Kekayaan akan keberaneka ragaman ini merupakan sebuah kebanggaan sekaligus tantangan bagi Pemerintah Republik Indosesia pada khususnya dan seluruh warga
Negara pada umumnya untuk selalu menjaga keamanan, ketertiban dan kenyamanan dalam berkehidupan sehari-hari agar tidak terjadi perselisihan atar
etnis satu denagn etnis lainya.
Suku bangsa merupakan sesuatu cirikhas yang melekat kepada setiap individu manusia, yang tidak dapat diganti, memilih dan atau mengaku-aku. Suku bangsa
ini bisa menjadi sebuah kebanggaan tersendiri bagi pemiliknya, hal ini dikarenakan kebiasaan adat yang berbeda dengan suku lainya, namun rasa bangga
ini dapat menimbulkan sikap etnsentrisme. Dalam KBBI disebutkan Etnosentrisme merupakan sikap atau pandangan yg berpangkal pads masyarakat
dan kebudayaan sendiri, biasanya disertai dengan sikap dan pandangan yang meremehkan masyarakat dan kebudayaan lain, sehingga sikap etnsentrisme ini
bisa menjakan setiap pemilik suku menganggap bahwa sukunya adalah suku terbaik daripada suku lainya. Anggapan seperti ini yang kemudian menjadi sebuah
celah kearogansian pemilik suku yang bisa menjadi penyebab timbulnya konflik antar suku.
2.2.2. Agama
Rolan Robertson dalam Stephen K. Sanderson 1995:518 mendefinisikan agama menjadi dua jenis, inklusif dan ekslusif. Defininsi inklusif merumuskan agama
dalam arti seluas mungkin, yang memandang sebagai setiap sistem kepercayaan dan ritual yang diresapi dengan “kesucian” atau yang diorentasikan kepada
“penderitaan manusia yang abadi”. Definisi eksklusif membatasi istilah agama itu pada sistem-sistem kepercayaan yang mempostulakan eksistensi mahluk,
kekuasaan, atau kekuatan supranatural.
Artinya sebuah agama itu adalah prinsipil setiap individu, tidak bisa diganggu gugat, tidak bisa bisa dipaksakan, bahkan tidak boleh dibahas atau disangkut
pautkan dengan permasalahan-permasalahan lainya. Karena permasalahan agama ini adalah permasalahan kepercayaan yang menyangkut hati. Hadirnya sebuah
agama dalam kehidupan bukanlah menjadi batasan dalam bermasyarakat atau bahkan menjadi celah perselisihan.

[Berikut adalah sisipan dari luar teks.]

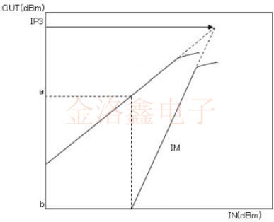 主信號輸出電平和互調輸出電平的直線相交的點稱為三階交調點(IP3).實際上,它會飽和到一定的水平,因此線條不會彼此相交,而要點是,直線區域不會按原樣飽和,如果水平升高,則會相交.
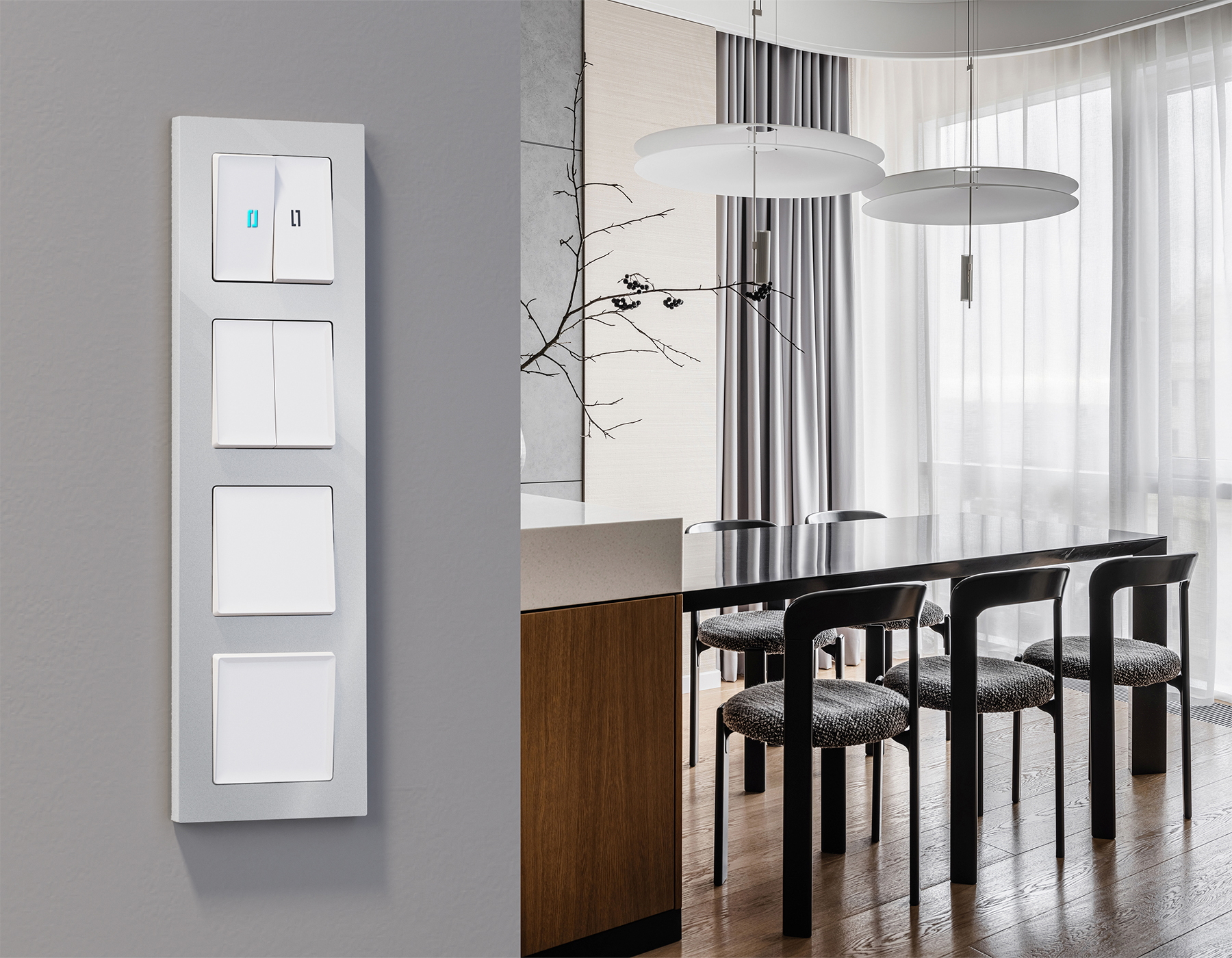 Многогранный ассортимент Ambrella Volt включает в себя механизмы, лицевые панели и рамки, а также комплекты, доступные в различных цветовых решениях. Продукция представлена в модульном исполнении, что позволяет гибко настраивать внешнийвид и функциональность. Вам будет легко заменить лицевую панель, рамку или механизм, найдя идеальное сочетание цветов.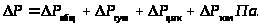 Потери на преодоление местных сопротивлений: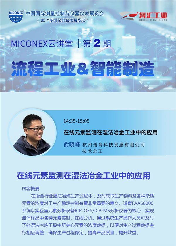 聚光(guang)科技旗下子公司杭(hang)州(zhou)譜(pu)育科技發展有(you)限公司(以下簡稱:譜(pu)育科技)技術總工(gong)俞曉(xiao)峰和解(jie)決方(fang)案團隊應邀參加MICONEX云講(jiang)堂第2期(qi)《流(liu)程工(gong)業(ye)&智能(neng)智造》,將圍繞《在(zai)線元素(su)監(jian)測在(zai)濕法冶(ye)金(jin)工(gong)業(ye)中的應用》開展主題報告(gao),在(zai)線幫助(zhu)流(liu)程行業(ye)解(jie)決“數據實(shi)時性(xing)(xing)差、樣品(pin)代表性(xing)(xing)差”等難題,實(shi)現(xian)“生產(chan)工(gong)藝優化,產(chan)品(pin)品(pin)質提升(sheng)”,滿(man)(man)滿(man)(man)干貨。

Sebagaimana pendapat yang diungkapkan oleh Durkheim dalam Stephen 1995:518 mendefinisikan agama ialah suatu sistem kepercayaan yang disatukan
oleh praktek-praktek yang bertalian dengan hal-hal yang suci, yakni, hal-hal yang dibolehkan dan dilarang. Sedangkan menurut Thomas F. O’dea 1995:22
menyebutkan bahwa agama adalah pensucian tradisi, yang menyatukan kebutuhan-kebutuhan masyarakat dalam perilaku manusia atas tumpuan akhir
masyarakat itu.
2.2.3. RAS
Menurut ensiklopedia bebas wikipedia Ras berasal dari bahasa Prancis race, yang artinya sendirinya, sedangkan dari bahasa Latin radix, yang berarti akar.
Sedangkan Templeton 1998 mendefinisikan Ras adalah :
A subspecies race is a distinct evolutionary lineage within a species. This definition requires that a subspecies be genetically differentiated due to barriers
to genetic exchange that have persisted for long periods of time; that is, the subspecies must have historical continuity in addition to current genetic
differentiation.
Suatu subspesies ras adalah suatu garis evolusi yang berbeda dalam suatu spesies. Definisi ini menentukan bahwa suatu subspesies berbeda secara genetis
karena kendala dalam pertukaran genetis yang sudah bertahan selama jangka waktu yang panjang. Artinya, subspesies tersebut harus memiliki kesinambungan
sejarah di samping pembedaan genetis masa kini.
Sehingga disimpulkan Ras adalah suatu sistem klasifikasi yang digunakan untuk mengkategorikan manusia dalam kelompok besar dan berbeda melalui ciri-ciri
fisik, tampang jasmani, asal-usul geografis, dan kesukuan yang terwarisi secara turun menurun. Ras ini termasuk identitas diri yang sangat mudah diketahui dan
dibedakan, karena sifatnya yang bisa langsung dilihat oleh panca indra mata sehingga akan semakin terlihat perbedaanya ketika individu tersebut bercampur
dengan individu lainya dalam masyarakat.